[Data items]
--- START ---

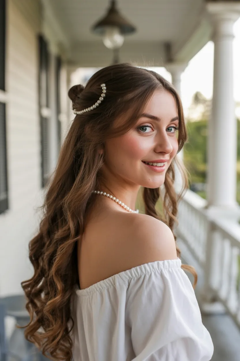 17. Soft Half-Up with Pearl Hair Detail
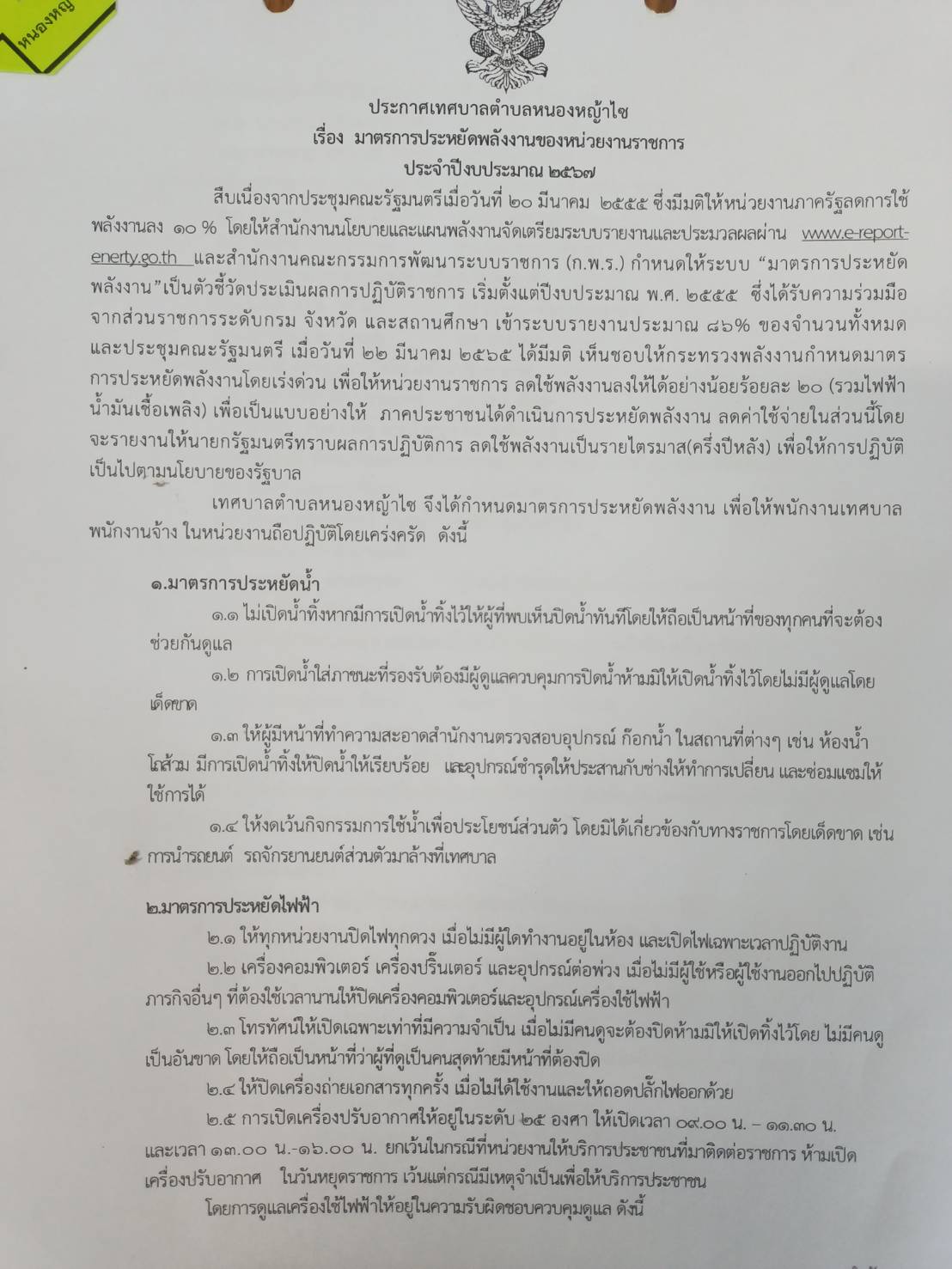 มาตรการประหยัดพลังงานเทศบาลตำบลหนองหญ้าไซประจำปีงบประมาณ2567
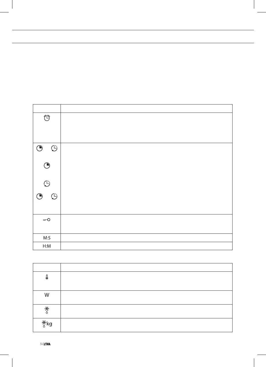 • Licht op als de kookwekkerfunctie van de klok wordt geselecteerd.
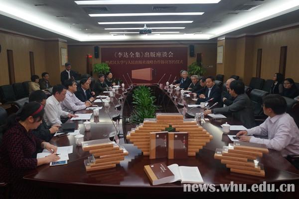 4月14日,《李达全集》出版座谈会在人民出版社举行,国家新闻出版广电总局出版管理司副司长许文彤、人民出版社社长黄书元、我校党委副书记骆郁廷,中共中央党校、北京大学、中国人民大学、武汉大学等单位相关专家出席,人民出版社总编辑辛广伟主持。
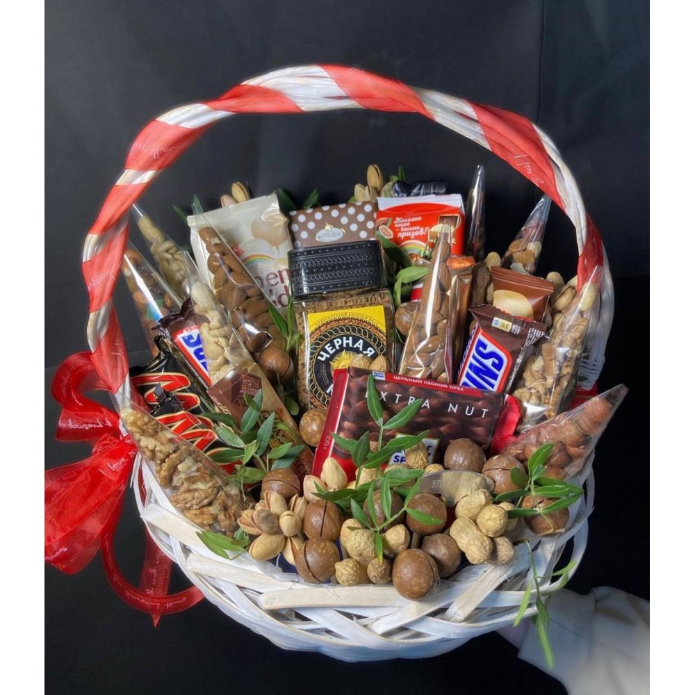 Эта шикарная корзинка для мужчин состоит из бутылочки хорошего вина, коробочки крепкого чая и разнообразных вкусностей. Если вы решили устроить романтический вечер для своего любимого то эта композиция позволит вам убить сразу двух зайцев: сделать приятное мужчине и украсить ваш вечер роскошной композицией. Кроме того корзинка превосходно украшена и создает сама по себе впечатление праздника. Доставка в любую точку города. В любое удобное для вас время.
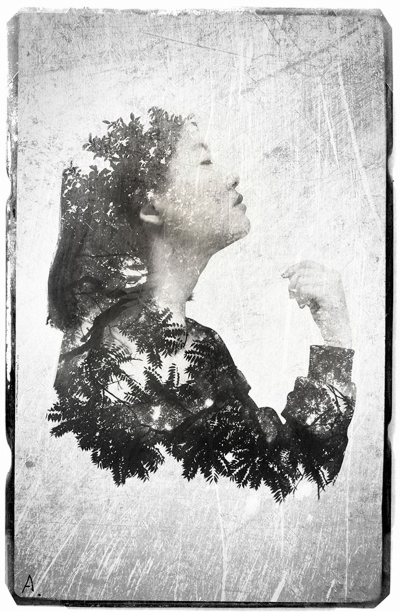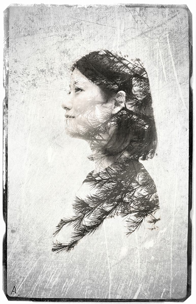 我们常常看到的事物,都和我们有着分不开的联系。人与自然,一直是和谐统一的一体。树木也经常在文学上,拿来比喻人。人与自然是相互联系、相互依存、相互渗透,是不可分开的两个整体。但同时人与自然又是相互对立的,人为了更好的生存和发展,会相应的打破自然界的自然状态,改变自然。用多重曝光的表现形式,产生不一样的视觉效果。当我遇见你,当人物与树木遇见的时候,使他们和谐统一在同一画面中。用人物的形,或者树木、树叶的形,互相勾勒出新的形。用这些符号语言表达出人与自然和谐相处,人们应该爱护自然,保护自然。
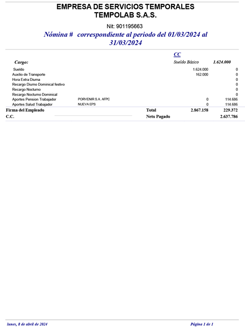 Los dos desprendibles de pago, según la denuncia, corresponderían a una misma persona, pero uno es del 2024 y el otro del 2025, «del mismo mes y se ve la diferencia de pago de una cooperativa a otra, el mínimos es porque el sueldo esta en 1.624.000 y hay compañeros que un mes les puede llegar hasta ese valor y otros los puede llegar un poquito más».
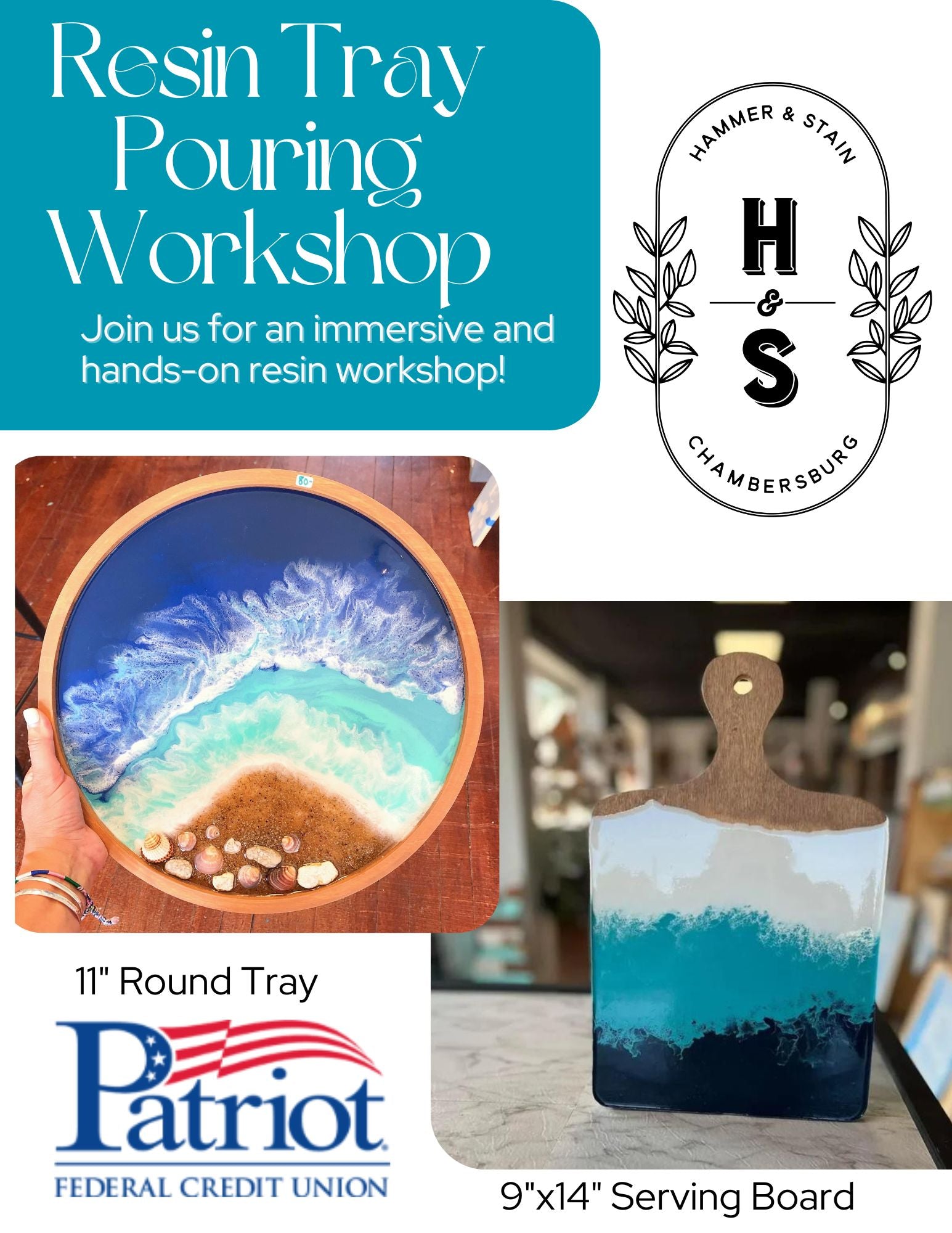 Join us at Hammer and Stain Chambersburg ( 31 S Main St Chambersburg) to create your very own Resin Pouring Trays Workshop. Where you can make your own DIY Resin Art Project (9x14" Rectangle Serving Board or 11" Round Tray ) We will teach you step-by-step how to create your own gorgeous project - these projects make for great handmade gifts for someone special or keep for yourself!
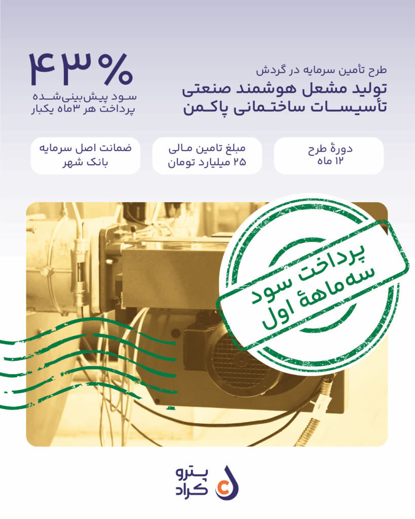 واریز سود مرحله اول تامین مالی جمعی سرمایه در گردش تولید مشعل هوشمند صنعتی پاکمن
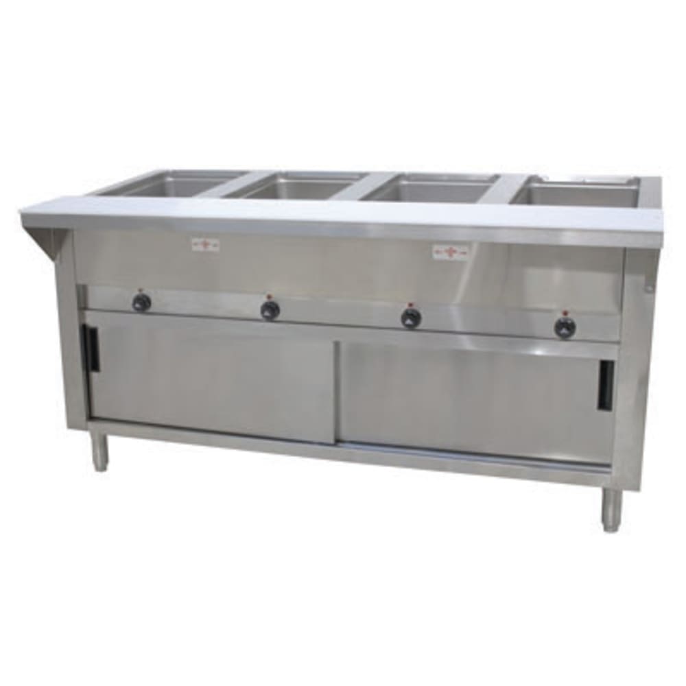 Triumph Hot Food Table, electric, (4) 12″ x 20″ sealed hot food wells with drains, wet or dry operation, 1″ poly cutting board, individual infinite controls, enclosed base with doors, stainless steel construction, 6′ cord, 1PH, 120V

--- END ---

Task instructions
From the records given above, reproduce all text exactly and exclude each picture.

Result below
 17. Soft Half-Up with Pearl Hair Detail
 มาตรการประหยัดพลังงานเทศบาลตำบลหนองหญ้าไซประจำปีงบประมาณ2567
 • Licht op als de kookwekkerfunctie van de klok wordt geselecteerd.
 4月14日,《李达全集》出版座谈会在人民出版社举行,国家新闻出版广电总局出版管理司副司长许文彤、人民出版社社长黄书元、我校党委副书记骆郁廷,中共中央党校、北京大学、中国人民大学、武汉大学等单位相关专家出席,人民出版社总编辑辛广伟主持。
 Эта шикарная корзинка для мужчин состоит из бутылочки хорошего вина, коробочки крепкого чая и разнообразных вкусностей. Если вы решили устроить романтический вечер для своего любимого то эта композиция позволит вам убить сразу двух зайцев: сделать приятное мужчине и украсить ваш вечер роскошной композицией. Кроме того корзинка превосходно украшена и создает сама по себе впечатление праздника. Доставка в любую точку города. В любое удобное для вас время.
 我们常常看到的事物,都和我们有着分不开的联系。人与自然,一直是和谐统一的一体。树木也经常在文学上,拿来比喻人。人与自然是相互联系、相互依存、相互渗透,是不可分开的两个整体。但同时人与自然又是相互对立的,人为了更好的生存和发展,会相应的打破自然界的自然状态,改变自然。用多重曝光的表现形式,产生不一样的视觉效果。当我遇见你,当人物与树木遇见的时候,使他们和谐统一在同一画面中。用人物的形,或者树木、树叶的形,互相勾勒出新的形。用这些符号语言表达出人与自然和谐相处,人们应该爱护自然,保护自然。
 Los dos desprendibles de pago, según la denuncia, corresponderían a una misma persona, pero uno es del 2024 y el otro del 2025, «del mismo mes y se ve la diferencia de pago de una cooperativa a otra, el mínimos es porque el sueldo esta en 1.624.000 y hay compañeros que un mes les puede llegar hasta ese valor y otros los puede llegar un poquito más».
 Join us at Hammer and Stain Chambersburg ( 31 S Main St Chambersburg) to create your very own Resin Pouring Trays Workshop. Where you can make your own DIY Resin Art Project (9x14" Rectangle Serving Board or 11" Round Tray ) We will teach you step-by-step how to create your own gorgeous project - these projects make for great handmade gifts for someone special or keep for yourself!
 واریز سود مرحله اول تامین مالی جمعی سرمایه در گردش تولید مشعل هوشمند صنعتی پاکمن
 Triumph Hot Food Table, electric, (4) 12″ x 20″ sealed hot food wells with drains, wet or dry operation, 1″ poly cutting board, individual infinite controls, enclosed base with doors, stainless steel construction, 6′ cord, 1PH, 120V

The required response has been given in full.